My last year in high school was a strange time in my life.
It’s a year that I haven’t talked much about since I left the dangerous group a few years ago because it’s hard to describe what happened without sounding a little insane. But I’ll try.
Eric Booth had been my best friend for about three or four years. To the rest of our friends, we were an inseparable duo, one of the classic teams, like Butch Cassidy and the Sundance Kid. Boze and Booth. We were always getting into trouble and wreaking havoc.
And we were a great match. Booth was tall, outgoing, and good with women. I was quiet, bookish, a little awkward, and spent most of my time writing down entire conversations in a notebook I carried around everywhere. And while I was whimsical, romantic, and full of weird ideas, Booth was rational, pragmatic, and rigorously logical. (Once when a friend boasted that she was “one in a million,” Booth did the math and pointed out that there were at least 6,000 of her.)
Me, my senior year of high school
Booth and I had a teacher I’ll call Mr. McGowan. Mr. McGowan was our European History teacher, but he seemed to view himself as an entertainer first and teacher second. On the first day of my last year in Alvin in 2003, the day our story begins, he delivered a ten-minute monologue on the day’s news. “My Middle Eastern friend hasn’t been happy ever since we had that talk about Allah,” he said. “You know, Allah this, Allah that…”
(“Welcome to Mr. McGowan’s stand-up comedy class,” whispered Booth.)
I’d been feeling sort of anxious about going back to school. So, to alleviate my concerns, Booth tried to think of the worst things that could possibly happen. “Watch, you’ll get put in the Criminal Law class!” he teased me. To our friend *Brandon he said, “Your counselors will mess up your schedule so bad, you won’t be able to fix it. And, you’ll get put in Child Development with all the pregnant chicks!”
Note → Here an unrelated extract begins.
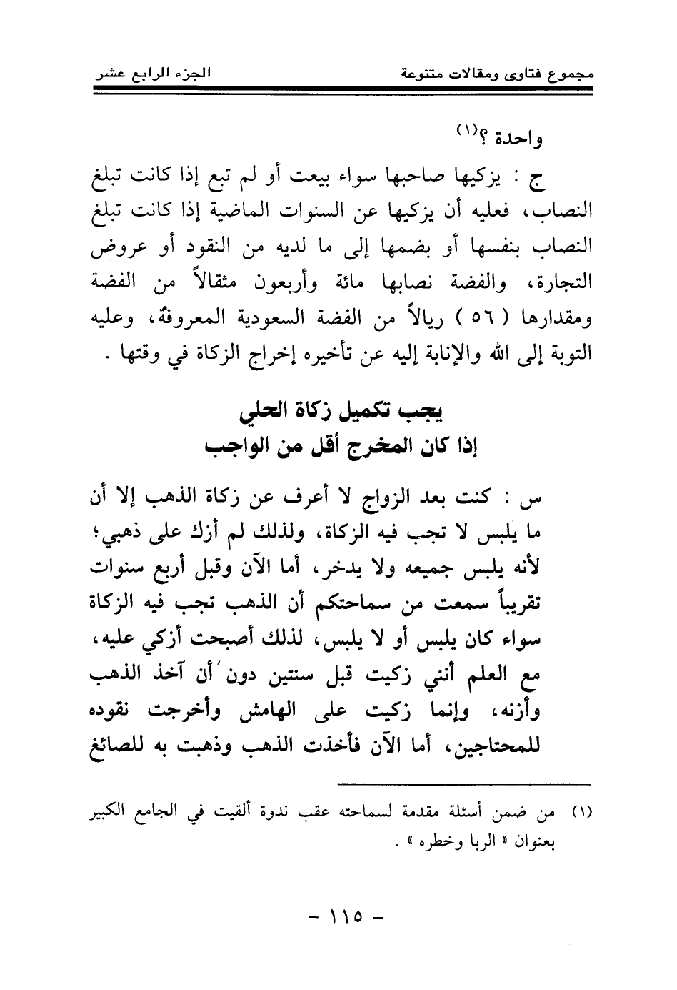 س: كنت بعد الزواج لا أعرف عن زكاة الذهب إلا أن ما للبس لا تجب فيه الزكاة، ولذلك لم أزك على ذهبي؛ لأنه يلبس جميعه ولا يدخر، أما الآن وقبل أربع سنوات تقريبا سمعت من سماحتكم أن الذهب تجب فيه الزكاة سواء كان يلبس أو لا يلبس، لذلك أصبحت أزكي عليه، مع العلم أنني زكيت قبل سنتين دون أن آخذ الذهب وأزنه، وإنما زكيت على الهامش وأخرجت نقوده للمحتاجين، أما الآن فأخذت الذهب وذهبت به للصائغ
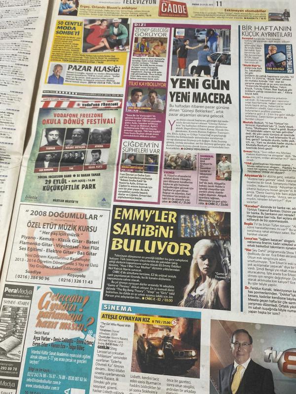 MİLLİYET CADDE GAZETESİ DOĞUM GÜNÜ GAZETESİ - 22 EYLÜL 2013 - Hazal Kaya - Nebahat Çehre - Mehmet Ali Erbil - Ivana Sert - Gülben Ergen - Esra Erol - Özge Uzun - Işıl Reçber - Oktay Derelioğlu - Özen Yula - Barış Kılıç - Rafet El Roman - Mehmet A. Eroğlu - Şeref Gürpınar - Tuba Ünsal - Ece Sükan - Defne Samyeli - Şükrü Avşar - Gülse Birsel - Selin Şurmeli - Devrim Eğin - Seda Şurmeli - Eda Eğin - Eda Şurmeli - Sinan Aydın - Sibel Turnagöl - Şükrü Avşar - Şükrü Avşar - Saffet Ulusoy - Merve Keten - Lara Türker - Hazal çok hırslı - Ayran masası olsun - Şimdi okullu olduk - 7 yıllık yasağı vip minibüsle deldi - Rock’ın büyük babası - Görüntü var ses yok - Şiirsel soyutlama sergisi - Yeni gün yeni macera - Emmy’ler sahibini buluyor - Çiğdem’in şüpheleri var - Tilki kayboluyor - Zeynep geleceği görüyor - Bir haftanın küçük ayrıntıları - Şimdi nerede görüldü - O konuya girmeyelim - Şimdilik sadece albüm - Erkeklerin kabusu kellik - Saçı ve cildi besleyen gıdalar adlı eser, Kitap > Süreli Yayınlar > Gazeteler > Türkiye > Genel > Günlük kategorisinde İkinci El olarak satıştadır.

So our whole first day back at school was interesting, because yes, I did get put in Criminal Law, even though I hadn’t signed up for it. When Brandon went to the counselor that afternoon to complain about his schedule, she tried to put him in Child Development. By the end of the day Booth had also correctly predicted that *Lauren, a girl I was interested in, would call me, even though she hadn’t done so in almost two years.
But we thought it was all just an incredibly weird string of coincidences—until the next day.
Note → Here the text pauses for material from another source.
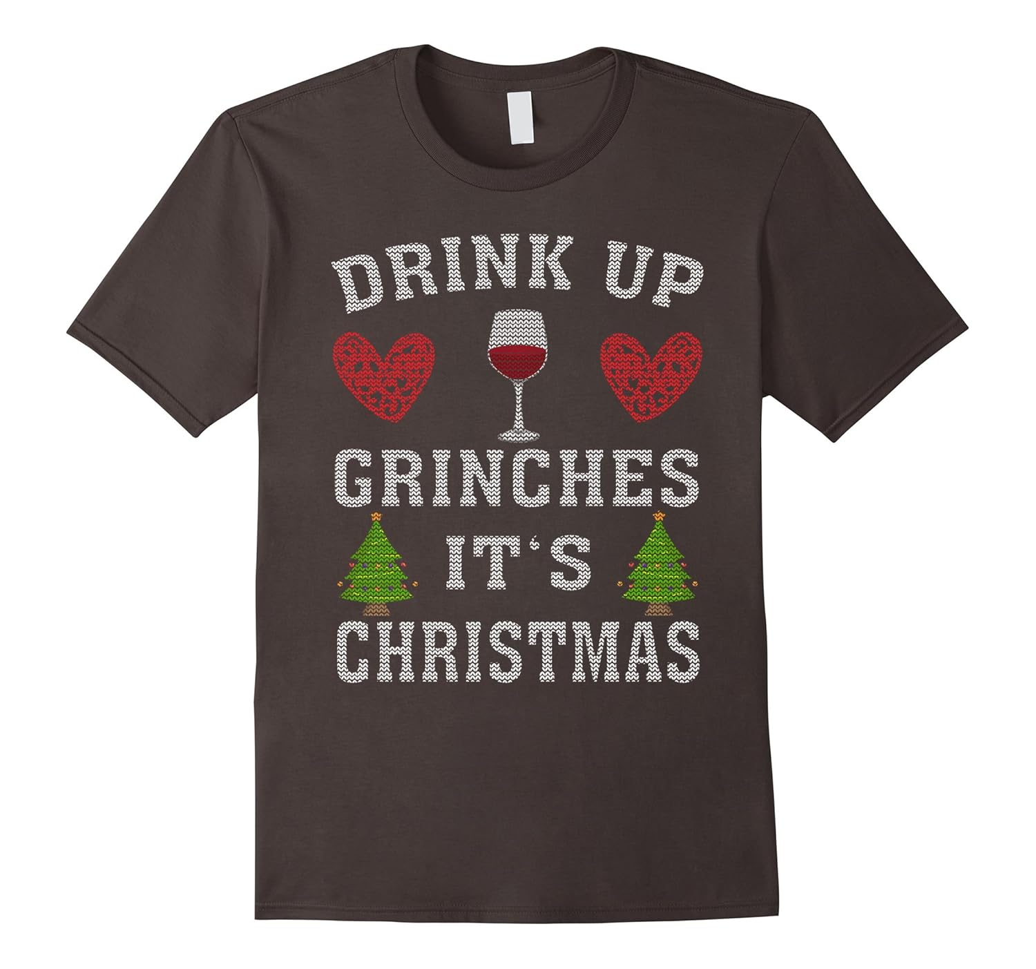 Solid colors: 100% Cotton; Heather Grey: 90% Cotton, 10% Polyester; All Other Heathers: 65% Cotton, 35% Polyester, Imported, Machine wash cold with like colors, dry low heat, The text saying “Drink up grinches – It”s Christmas” showing two red hearts, a glas of wine and xmas trees with colorful balls is the perfect gift for Xmas this year. Have drink, be with your family and enjoy this beautiful ugly knitted sweater design. Celebrate with this tee and enjoy sticking out from the normal crowd, Lightweight, Classic fit, Double-needle sleeve and bottom hem

New England was experiencing a tremendous electrical shortage. The night before, over 45 million Americans had lost power in eight northeastern states. Mr. McGowan decided to begin his daily monologue by plugging the virtues of the Texas electrical system when compared to the infrastructures of New York and California (which was currently going through a recall election in which actor Arnold Schwarzenegger was the clear frontrunner).
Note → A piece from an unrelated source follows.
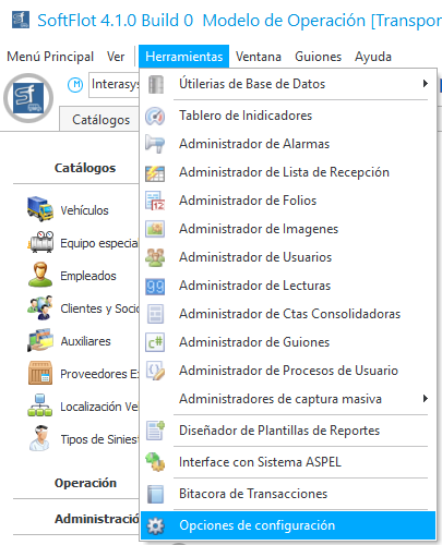 En esta sección realizaremos todas las configuraciones que el sistema necesita para el buen funcionamiento de acuerdo a nuestra operación. Para abrir esta opción, debemos de ir al menú [Herramientas \ Opciones de configuración] como se muestra a continuación.

“See, here we have a superior electrical system,” said Mr. McGowan, slowly warming up to his audience. “On the East coast, their facilities are sixty and seventy years old, and no one even knows how to fix ‘em anymore. Whenever a generator blows, they have to call out these really old men to take care of it. That’s why the New York electrical system sucks!”
Booth leaned over and whispered, “Watch, the lights suddenly go out!”
“Oh, and Ah-nold!” said Mr. McGowan, shaking his head and grinning slightly. “Can you imagine? ‘Governor Schwarzenegger, we have a problem with immigration!’” He held up an imaginary gun. “‘I VILL TAKE CARE OF IT!’”
But at that moment the laughter of the class was interrupted by the lights going out. There’d been a power spike across the entire east side of Alvin and over a thousand homes had lost power.
Booth denied it as best he could, but I could no longer doubt it: he was a prophet. Something strange and uncanny was happening in Alvin, and him and me and Brandon were about to be swept up in it.
* * *
Brandon and I became convinced that tragedy was going to strike our campus. In the swirl and haze of late summer, omens were all around us. Thirteen ravens sitting on a power line, the mysterious imprint of a child’s hand on the window of a car, the continual recurrence of the number 42. One Sunday the Houston Chronicle’s daily Bible verse was Isaiah 13:13, in which God warns that judgment is about to fall on the land.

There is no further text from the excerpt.